Euro slide continues

The Russian ban on gas exports to Bulgaria and Poland sent natural gas prices surging in Europe again, and saw the euro take another hammering. Oil prices held onto their initial gains from Tuesday after the announcement but didn’t add anything to them. If Russia expands its natural gas bans, it won’t stay that way and there seems to be a great deal of complacency and Ukraine fatigue in the market right now outside of Europe. Oil itself could be about to move lower though, as the Financial Times is running a story saying some of Europe’s largest energy companies are preparing to pay for energy imports via rouble accounts opened at Gazprombank in Switzerland. If true, it will be a huge win for the Kremlin and pit EU politicians against European private companies. Either way that you look at it, it is unlikely to be supportive of the euro.

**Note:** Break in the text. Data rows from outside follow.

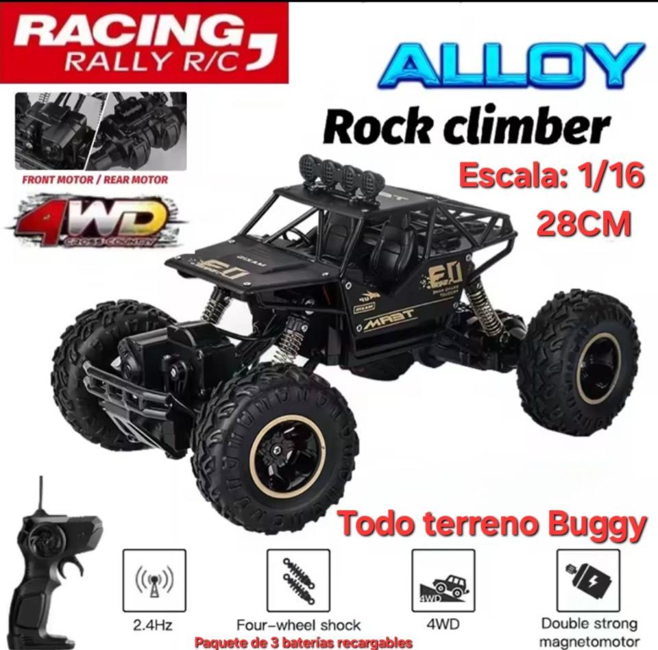 Buggy 4x 4 a Control Remoto frecuencia 2.4ghz, con paquete de batería de 3 baterias recargables para más duración del entrenamiento. Gomas de caucho y amortiguadores. velocidad máxima de 30km/h. Alcance mayor de los 50m.
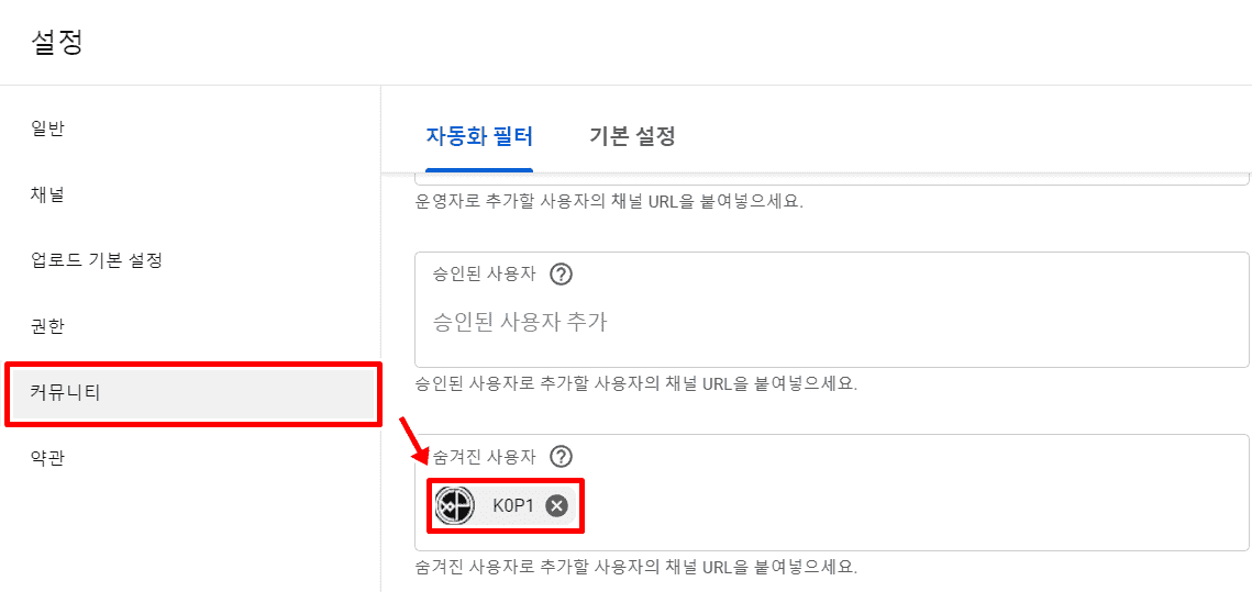 4. 커뮤니티에서 숨겨진 사용자를 확인합니다.
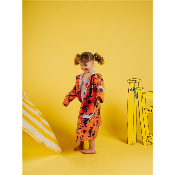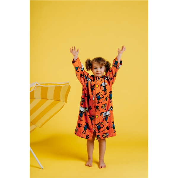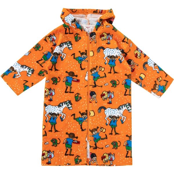 En varmt orange badrock med roligt Pippi Långstrump mönster. Badrocken är mjuk och skön och sydd i ett stycke, utan sidsömmar. Den har huva, upphängningsögla i nacken och blixtlås framtill.
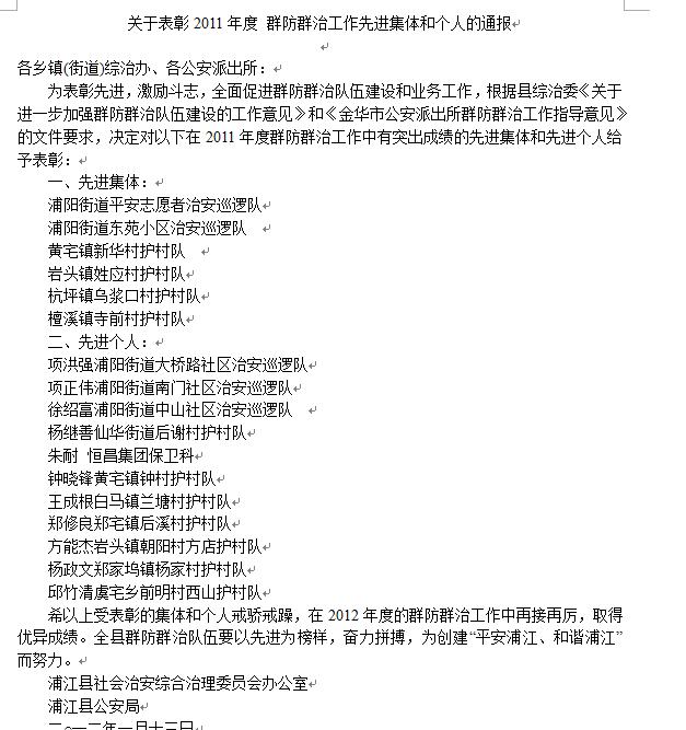 為表彰先進,激勵斗志,全面促進群防群治隊伍建設和業務工作,根據縣綜治委《關于進一步加強群防群治隊伍建設的工作意見》和《金華市公安派出所群防群治工作指導意見》的文件要求,決定對以下在2011年度群防群治工作中有突出成績的先進集體和先進個人給予表彰:
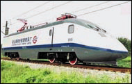 A bullet-shaped locomotive designed with a maximum speed of 305 km per hour, the highest locomotive so far in China, came off the production line September 3 in the Zhuzhou Locomotive Plant in central China's Hunan Province.

Yesterday’s inflation print above 5.0% in Australia has the market scrambling to pencil in a rate hike from the Reserve Bank of Australia at its meeting next week. I’m still 50/50 on this one, especially with a federal election due later in the month. June will be a live meeting though. AUD/USD rallied briefly after the inflation release but has since given all of that back. As risk sentiment indicators, the AUD, NZD, and CAD, and one could argue, Her Majesty’s British pound, have taken a beating recently. Federal Reserve rate hikes, next week’s FOMC meeting, China growth slowdown, global stagflation, the Ukraine/Russia war, one has an all-you-can-eat buffet of risk to choose from at the moment. If you swat out the incessant buzzing from the equity market, other asset classes are universally suggesting a plethora of global headwinds.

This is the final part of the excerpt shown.